▶ _Data extract_:
- Opening Delimiter -

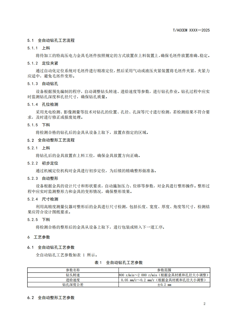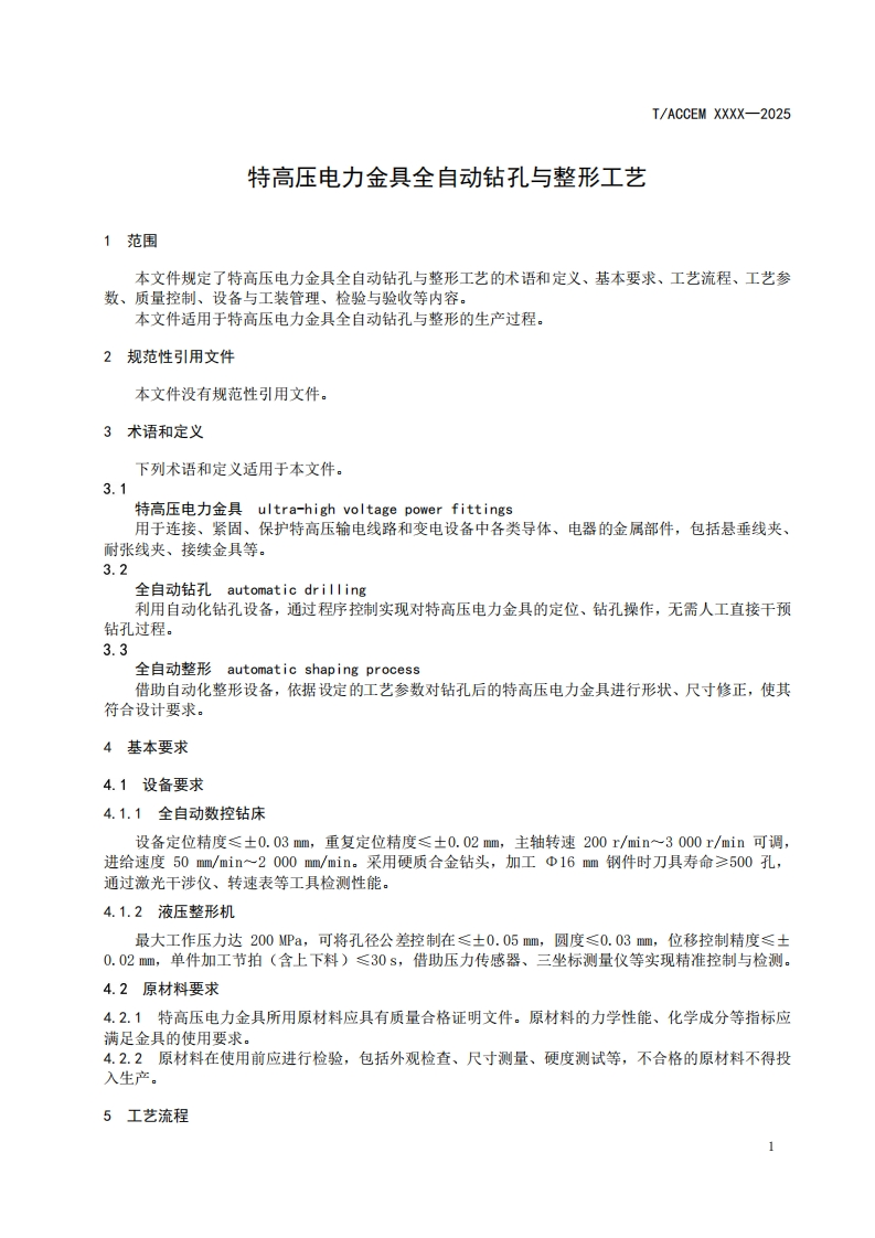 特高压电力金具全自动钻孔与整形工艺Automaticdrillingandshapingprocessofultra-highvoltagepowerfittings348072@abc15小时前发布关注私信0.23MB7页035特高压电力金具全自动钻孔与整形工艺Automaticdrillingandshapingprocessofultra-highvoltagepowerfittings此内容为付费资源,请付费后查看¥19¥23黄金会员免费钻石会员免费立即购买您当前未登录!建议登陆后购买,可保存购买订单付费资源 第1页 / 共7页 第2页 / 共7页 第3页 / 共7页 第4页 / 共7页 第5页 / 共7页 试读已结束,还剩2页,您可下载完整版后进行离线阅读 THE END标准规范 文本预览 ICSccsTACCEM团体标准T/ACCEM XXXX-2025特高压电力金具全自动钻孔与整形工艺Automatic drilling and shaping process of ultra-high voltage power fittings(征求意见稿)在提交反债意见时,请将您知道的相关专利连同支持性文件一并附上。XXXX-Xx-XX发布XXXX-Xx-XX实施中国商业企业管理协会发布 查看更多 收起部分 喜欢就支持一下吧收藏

- Closing Delimiter -
- Opening Delimiter -

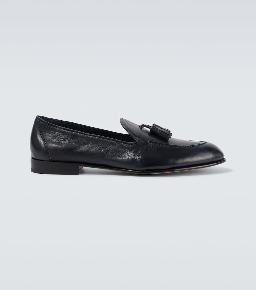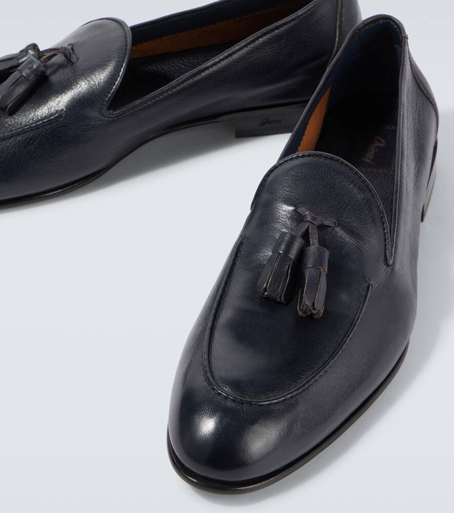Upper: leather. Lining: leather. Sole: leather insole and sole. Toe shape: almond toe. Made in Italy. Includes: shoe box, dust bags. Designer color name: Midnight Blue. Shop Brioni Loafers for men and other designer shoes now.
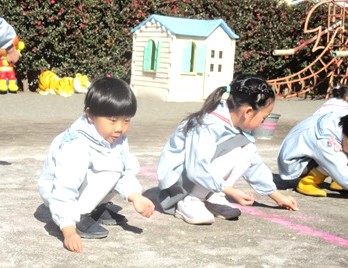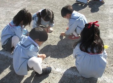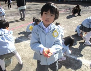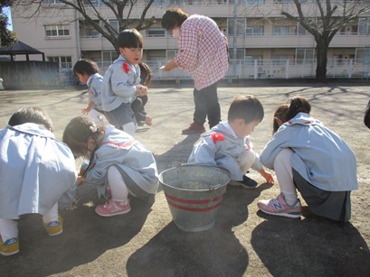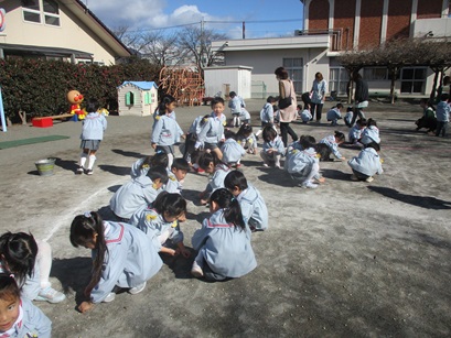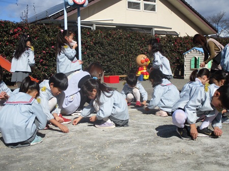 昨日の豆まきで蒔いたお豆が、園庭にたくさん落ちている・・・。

- Closing Delimiter -
- Opening Delimiter -

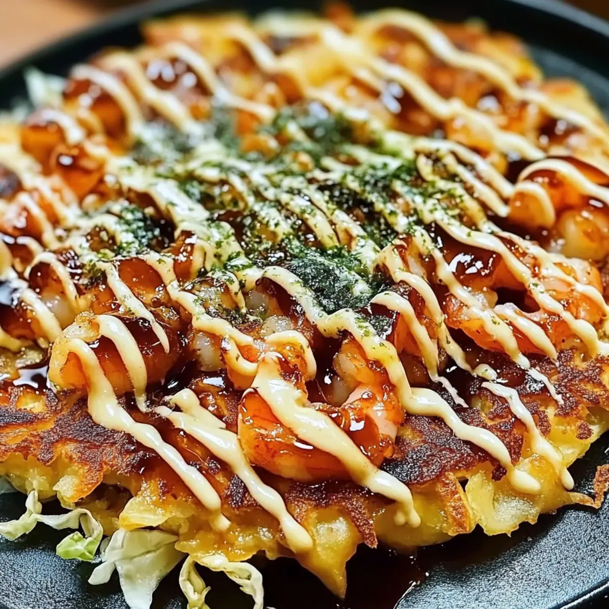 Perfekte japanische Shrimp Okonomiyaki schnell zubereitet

- Closing Delimiter -

▶ _Problem to work on_:
When you reach the line holding "Upper: leather. Lining: leather." in the listing above, begin retyping exactly, and stop once the line holding "昨日の豆まきで蒔いたお豆が、園庭にたくさん落ちている・・・。" is done; pictures stay out.

▶ _Problem solution_:
Upper: leather. Lining: leather. Sole: leather insole and sole. Toe shape: almond toe. Made in Italy. Includes: shoe box, dust bags. Designer color name: Midnight Blue. Shop Brioni Loafers for men and other designer shoes now.
 昨日の豆まきで蒔いたお豆が、園庭にたくさん落ちている・・・。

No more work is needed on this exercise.